By Koppy McFad
April 1, 2004 - 10:34
This miniseries tells the story of the DC heroes (super and otherwise) of the late-1950s, set in the actual era in which the original comics were published. The latest issue is easily the weakest in the series so far. The focus is on minor heroes like the Challengers of the Unknown and the obscure ones like the original Suicide Squad and King Faraday. Cooke also shows signs of repeating himself, with one character exploding within the jaws of dinosaur-- again. However the story has its charms, particularly the depiction of the hard-nosed Rick Flagg and the suave but dangerous Faraday. We also get to see Hal Jordan showing that he has "the Right Stuff" and the Martian Manhunter's reflections on America in the 1950s, particularly the fear of aliens. A mysterious new character is introduced-- one not connected to the actual Silver Age and who will obviously reveal new facets of DC's heroes of the 1950s. The story still isn't coming together but it is still filled with some wonderful moments.

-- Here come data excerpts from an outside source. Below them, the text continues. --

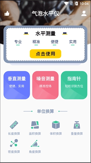 气泡水平仪是生活中可能会用到的测量工具。要是你身边没有精准的测量仪器,却又急需测量水平,那这款软件绝对是你的不二之选。它操作简单轻松,能让你毫不费力地完成测量,是款十分好用的软件,有需要就试试吧!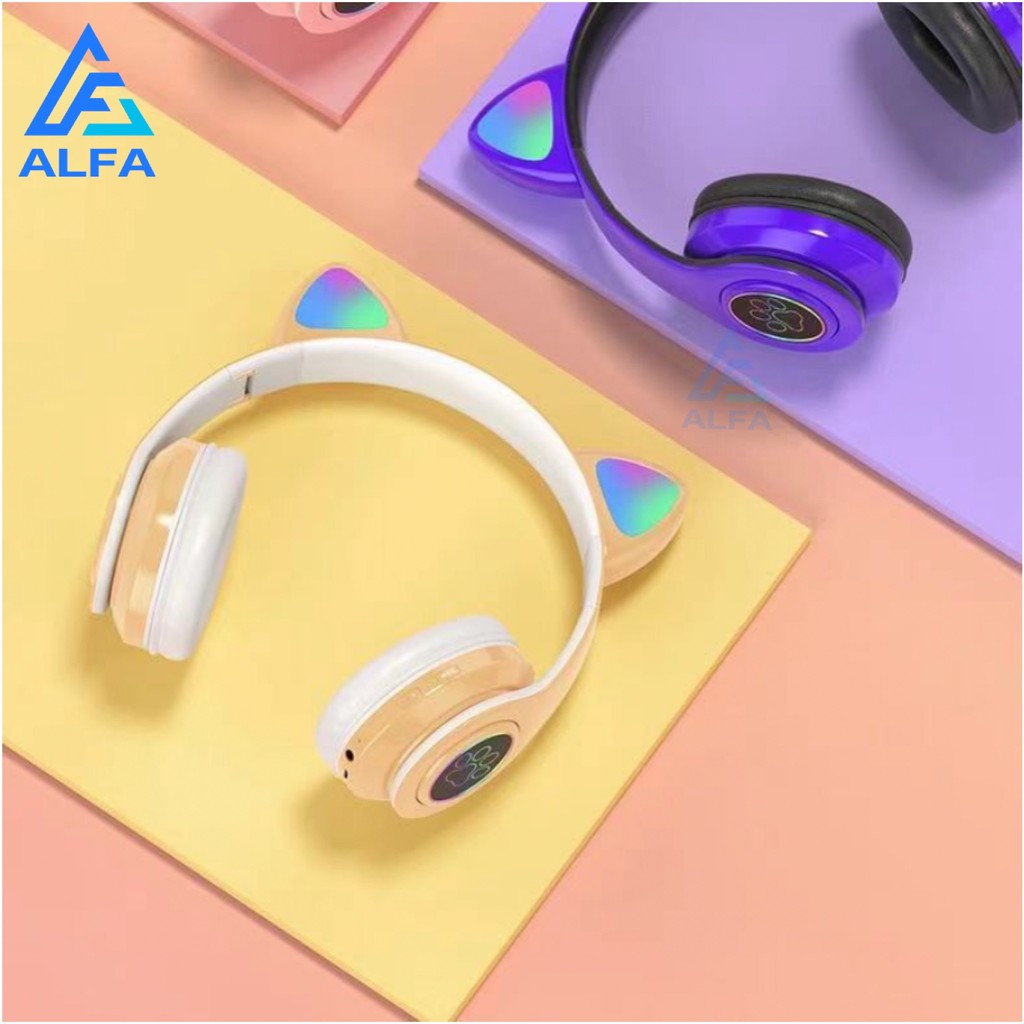 Fone De Ouvido Orelha Gato Bluetooth F23M Led RGB Iuz Headphone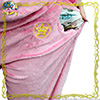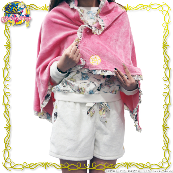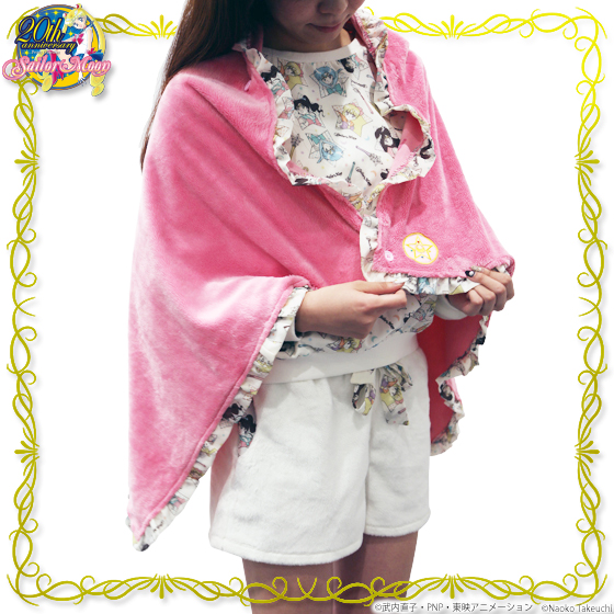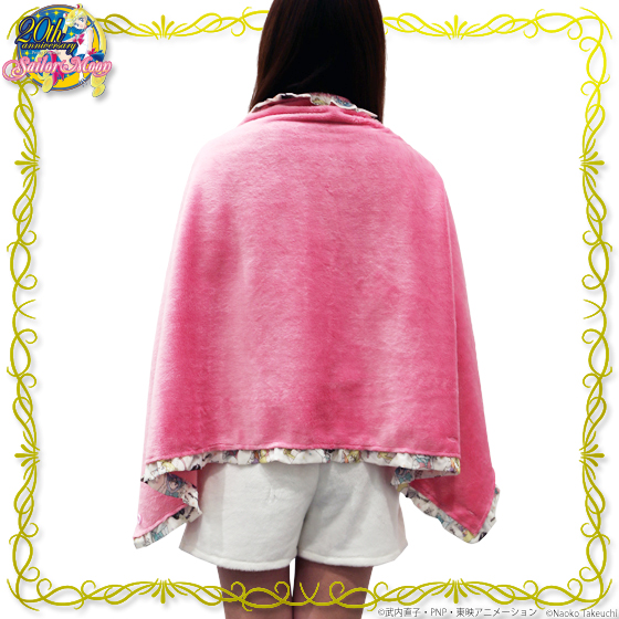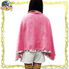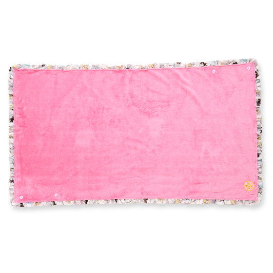 Różowy pluszowy kocyk z białą falbanką dookoła i zatrzaskami. Kocyk ma wymiary 135 x 68 cm i można go używać jako okrycia wierzchniego (właśnie po to są zatrzaski). Cena to 3780 jenów (ok. 115 zł).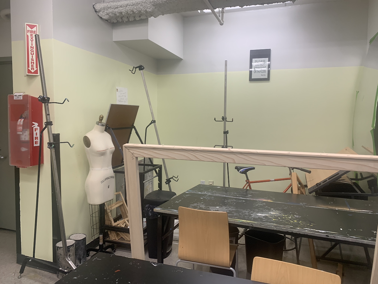 그런데 하필이면 벽에 빨간 물감이 피처럼 묻어져 있어 무서웠다. 패션 디자인학과 학생들을 위한 마네킹도 으스스하게 느껴지고 말이다. 어김없이 진행된 자기소개 시간에 이를 보여주며 얘기했더니 다들 피처럼 보이니 무슨 일이 벌어진 거냐며 조심하라고 농담하기도 했다.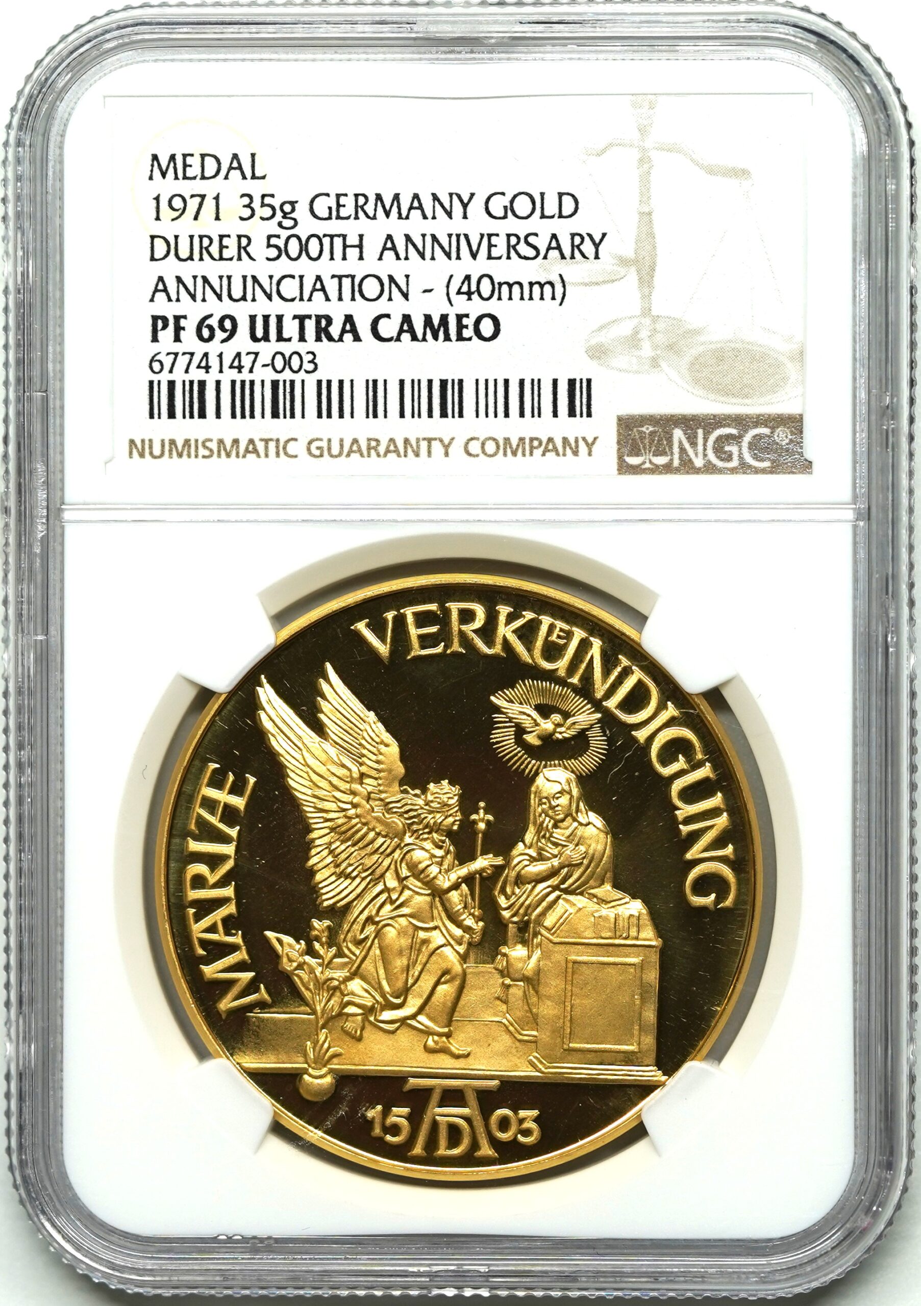 【Sold】1971年 受胎告知 ニュルンベルク都市景観 10ダカット金メダル PF69UCAM NGC

One theme that is getting overdone is the dark tone of the stories which seem to assume that the 1950s were the bleakest period in US history. The fear of the Soviets, the anti-Red paranoia, the racist attitudes of the time, are hammered upon excessively. Yes, the 1950s were not the idyllic time depicted in "Happy Days" but they were certainly much better than the depression-- or wartime. If this keeps up, the whole series may end up looking like another one of those revisionist pieces by some smug, self-righteous modern guy, boasting "look how much smarter/ more sensitive I am compared to my parents!" This book is suppose to be a homage to those classic characters of the late-1950s. It would be nice if they could tap into the energy and optimism of the times as well.